● DATA TO PROCESS:

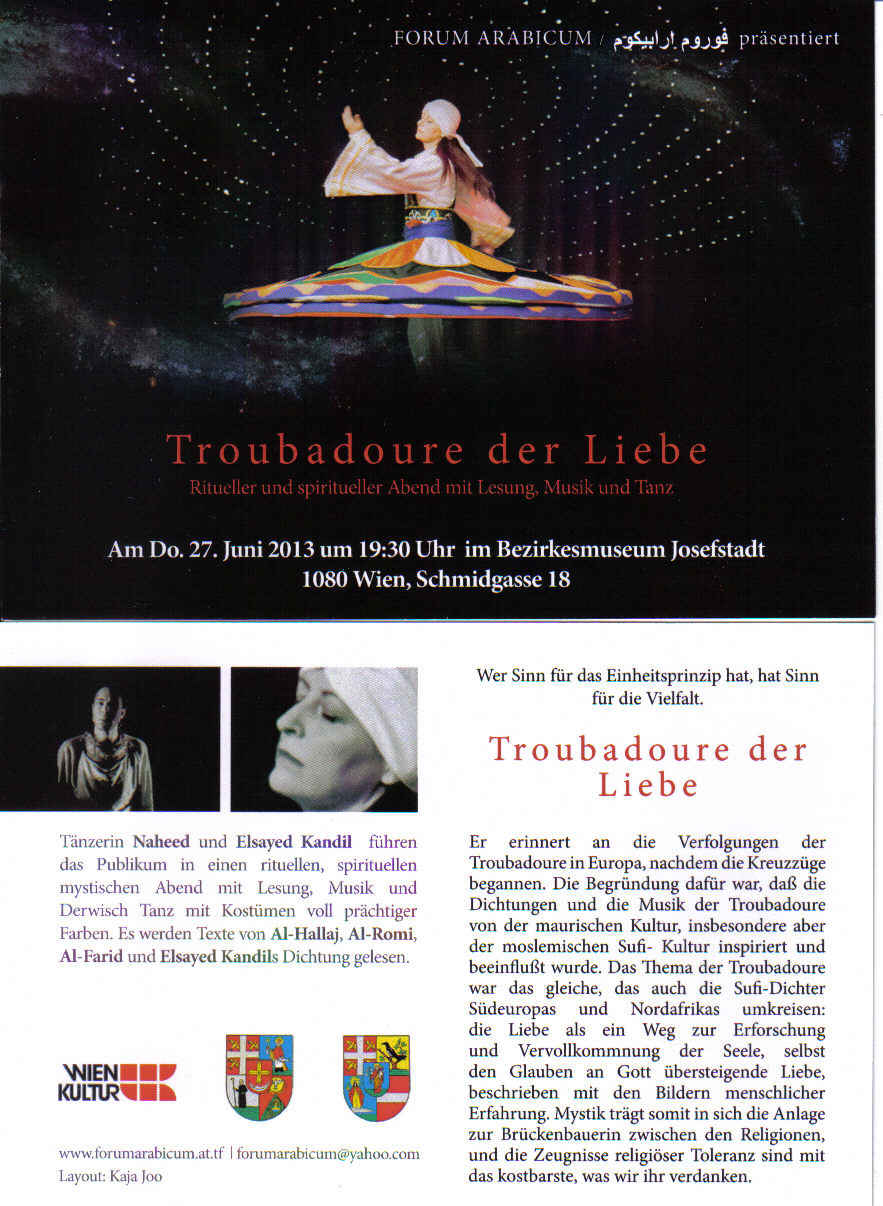 Tänzerin Naheed und der Schauspieler Elsayed Kandil führen das Publikum in einen rituellen, spirituellen mystischen Abend mit Lesung, Gesang, Derwisch Tanz mit Kostümen voll prächtiger Farben.
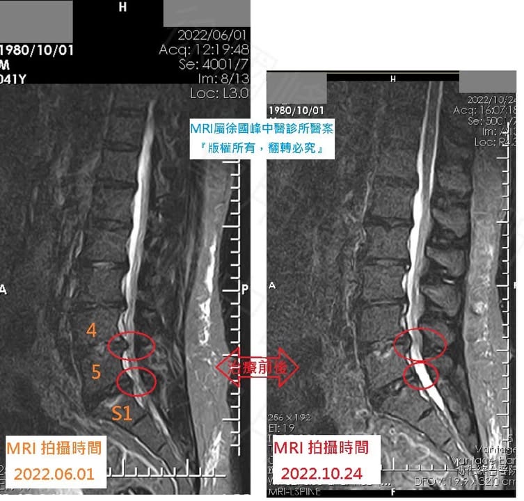 「先說結論,椎間盤突出會不會吸收,會!!但不是每一個人都有這種效果,但是如果患者接受完治療後,症狀已經全部消失,然後再去同一家醫學中心安排核磁共振後,結果出現以下的場景」
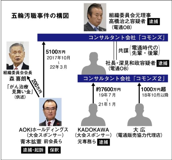 電通界隈の汚れた関係性から汚職が広がり、AOKIからは高橋元理事の「コモンズ」に、KADOKAWAや大広からは深見の「コモンズ2」へと賄賂が渡ったことが明らかになった。そして、最終的に組織委理事を務める「口利き役」の高橋元理事へとカネが集まる仕組みができあがっていたというわけだ。
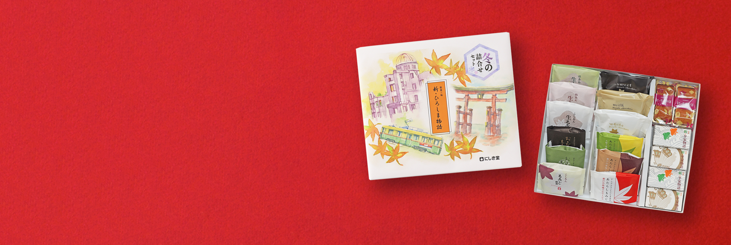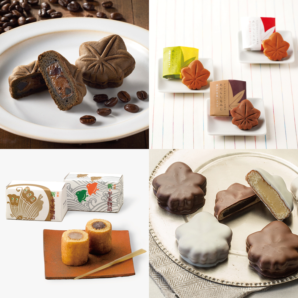 おとなのもみじ(2種)、メープルチョコレート(3種)、あたらしもみじ(3種)、もみじ饅頭(こし餡)、生もみじ(こし餡、つぶ餡、抹茶)、新・平家物語、新・平家物語あんバター
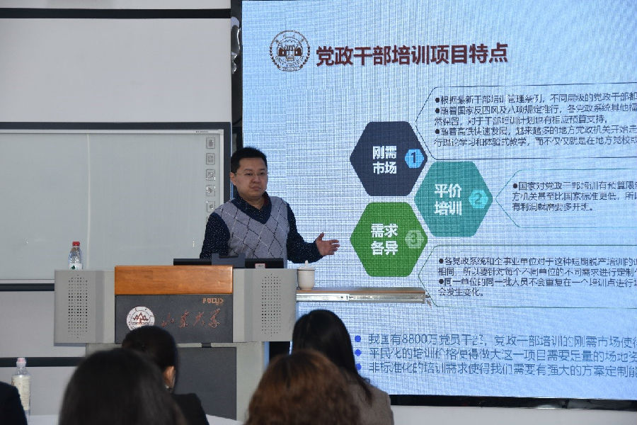 来自清华大学的专家从课程方案、市场推广、项目运营和培训评估四个方面做了详细分享,特别是市场推广和培训评估给大家带来了许多新的思路;来自济南市委党校的专家针对政治安全暨政府机构改革的介绍,强化了大家的政治观念和意识形态,明确了大家今后的工作方向;来自湖南大学的专家从全网营销策略和打造独特品牌角度,采用“十五步法“,从花费推广费用、获取访客流量、获得网络询盘、获得有效线索、制作培训方案等精细化数据分析,为党政干部培训项目的品牌建设做了一个良好的目标用户群覆盖。
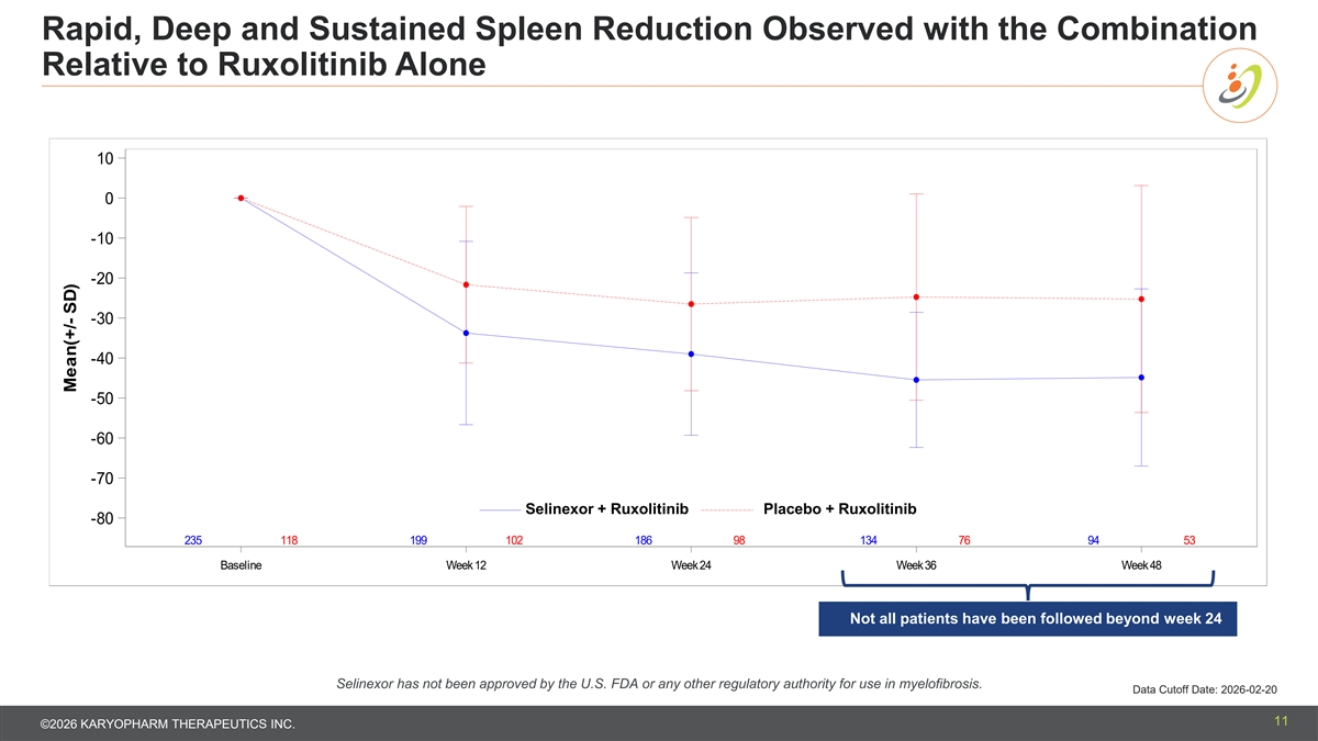 Rapid and Sustained Improvement in SVR35 Rates Observed with the Combination Relative to Ruxolitinib Alone Selinexor + Placebo + Ruxolitinib Ruxolitinib (N = 235) (N = 118) Spleen Volume Reduction SVR35 at Week 12, n (%) 116 (49.4) 24 (20.3) SVR35 at Week 24, n (%) 117 (49.8) 33 (28.0) Rapid SVR35 at week 12 of Patients Who Completed Week 36 or 207 100 Discontinued Prior to Week 36 49% compared to 20% with SVR35 at Week 36, n (%) [1] 97 (46.9) 23 (23.0) ruxolitinib monotherapy SVR35 at Any Timepoint, n (%) 159 (67.7) 53 (44.9) Exact 95% CI (61.3, 73.6) (35.7, 54.3) Sustained SVR35 at week 36 Cochran-Mantel-Haenszel Test of 47% compared to 23% with (Selinexor vs. Placebo) Odds Ratio (95% CI) 2.59 (1.64, 4.10) ruxolitinib monotherapy Nominal One Sided P-value <.0001 Data Cutoff Date: 2026-02-20 CI=Confidence Interval; SVR35=Spleen Volume Reduction of >=35% Note: SVR35 at Week 12 and 24 allows +/- 21-day window. SVR35 at Week 36 and 48 allows +/- 28-day window. Note: SVR35 at any timepoint is defined as Selinexor has not been approved by the U.S. FDA or proportion of patients with a >=35% reduction in spleen volume from baseline to any post-baseline assessments regardless of visit window before new anti-MF therapy or disease progression. Note: Cochran-Mantel-Haenszel test is stratified by randomization factors. any other regulatory authority for use in myelofibrosis. [1] Denominator is the number of patients who completed the spleen assessment or discontinued the study prior to the specific timepoint. 10 ©2026 KARYOPHARM THERAPEUTICS INC.
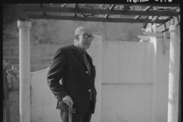 Alberto Romero, [sosteniendo un bastón, en el patio de su casa] [fotografía] / Hans Ehrmann. [Chile] : Hans Ehrmann, [ca. 1965]. Negativo : monocromo, gelatina sobre acetato de celulosa ; 6 X 6 cm. .
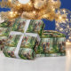A squirrel stands in a sunlit forest, wearing a festive party hat while holding a birthday card
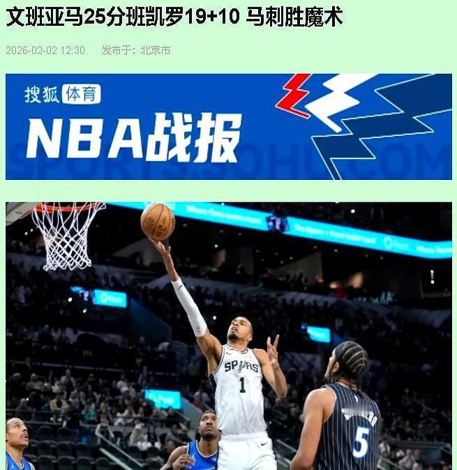 飞机晚点5小时,文班亚马把状元打得没脾气。 你是班凯罗,全场正负值-30,脸往哪搁?每次杀进去,一堵墙立在面前。投篮看不见框,传球找不到人。这球还怎么打? 比赛推迟了5个小时,圣安东尼奥的暴雪差点让飞机下不来。都以为马刺要累趴了,结果呢?开场就把魔术按在地上摩擦。 25分8板4抢断5盖帽。这不是数据,这是统治。他一个人就把禁区变成了禁飞区,伸手一捞就是抢断,起跳一拍就是火锅。 别再说马刺摆烂了。33胜16负,西部第二。这不是重建,这是直接亮剑,告诉全联盟他们回来了。 有些人是球星,有些人,他自己就是一套攻防体系。

● ASSIGNMENT: Transcribe every record above in full. Pictures stay out of the copy.

● ANSWER FOR THIS EXERCISE:
 Tänzerin Naheed und der Schauspieler Elsayed Kandil führen das Publikum in einen rituellen, spirituellen mystischen Abend mit Lesung, Gesang, Derwisch Tanz mit Kostümen voll prächtiger Farben.
 「先說結論,椎間盤突出會不會吸收,會!!但不是每一個人都有這種效果,但是如果患者接受完治療後,症狀已經全部消失,然後再去同一家醫學中心安排核磁共振後,結果出現以下的場景」
 電通界隈の汚れた関係性から汚職が広がり、AOKIからは高橋元理事の「コモンズ」に、KADOKAWAや大広からは深見の「コモンズ2」へと賄賂が渡ったことが明らかになった。そして、最終的に組織委理事を務める「口利き役」の高橋元理事へとカネが集まる仕組みができあがっていたというわけだ。
 おとなのもみじ(2種)、メープルチョコレート(3種)、あたらしもみじ(3種)、もみじ饅頭(こし餡)、生もみじ(こし餡、つぶ餡、抹茶)、新・平家物語、新・平家物語あんバター
 来自清华大学的专家从课程方案、市场推广、项目运营和培训评估四个方面做了详细分享,特别是市场推广和培训评估给大家带来了许多新的思路;来自济南市委党校的专家针对政治安全暨政府机构改革的介绍,强化了大家的政治观念和意识形态,明确了大家今后的工作方向;来自湖南大学的专家从全网营销策略和打造独特品牌角度,采用“十五步法“,从花费推广费用、获取访客流量、获得网络询盘、获得有效线索、制作培训方案等精细化数据分析,为党政干部培训项目的品牌建设做了一个良好的目标用户群覆盖。
 Rapid and Sustained Improvement in SVR35 Rates Observed with the Combination Relative to Ruxolitinib Alone Selinexor + Placebo + Ruxolitinib Ruxolitinib (N = 235) (N = 118) Spleen Volume Reduction SVR35 at Week 12, n (%) 116 (49.4) 24 (20.3) SVR35 at Week 24, n (%) 117 (49.8) 33 (28.0) Rapid SVR35 at week 12 of Patients Who Completed Week 36 or 207 100 Discontinued Prior to Week 36 49% compared to 20% with SVR35 at Week 36, n (%) [1] 97 (46.9) 23 (23.0) ruxolitinib monotherapy SVR35 at Any Timepoint, n (%) 159 (67.7) 53 (44.9) Exact 95% CI (61.3, 73.6) (35.7, 54.3) Sustained SVR35 at week 36 Cochran-Mantel-Haenszel Test of 47% compared to 23% with (Selinexor vs. Placebo) Odds Ratio (95% CI) 2.59 (1.64, 4.10) ruxolitinib monotherapy Nominal One Sided P-value <.0001 Data Cutoff Date: 2026-02-20 CI=Confidence Interval; SVR35=Spleen Volume Reduction of >=35% Note: SVR35 at Week 12 and 24 allows +/- 21-day window. SVR35 at Week 36 and 48 allows +/- 28-day window. Note: SVR35 at any timepoint is defined as Selinexor has not been approved by the U.S. FDA or proportion of patients with a >=35% reduction in spleen volume from baseline to any post-baseline assessments regardless of visit window before new anti-MF therapy or disease progression. Note: Cochran-Mantel-Haenszel test is stratified by randomization factors. any other regulatory authority for use in myelofibrosis. [1] Denominator is the number of patients who completed the spleen assessment or discontinued the study prior to the specific timepoint. 10 ©2026 KARYOPHARM THERAPEUTICS INC.
 Alberto Romero, [sosteniendo un bastón, en el patio de su casa] [fotografía] / Hans Ehrmann. [Chile] : Hans Ehrmann, [ca. 1965]. Negativo : monocromo, gelatina sobre acetato de celulosa ; 6 X 6 cm. .
A squirrel stands in a sunlit forest, wearing a festive party hat while holding a birthday card
 飞机晚点5小时,文班亚马把状元打得没脾气。 你是班凯罗,全场正负值-30,脸往哪搁?每次杀进去,一堵墙立在面前。投篮看不见框,传球找不到人。这球还怎么打? 比赛推迟了5个小时,圣安东尼奥的暴雪差点让飞机下不来。都以为马刺要累趴了,结果呢?开场就把魔术按在地上摩擦。 25分8板4抢断5盖帽。这不是数据,这是统治。他一个人就把禁区变成了禁飞区,伸手一捞就是抢断,起跳一拍就是火锅。 别再说马刺摆烂了。33胜16负,西部第二。这不是重建,这是直接亮剑,告诉全联盟他们回来了。 有些人是球星,有些人,他自己就是一套攻防体系。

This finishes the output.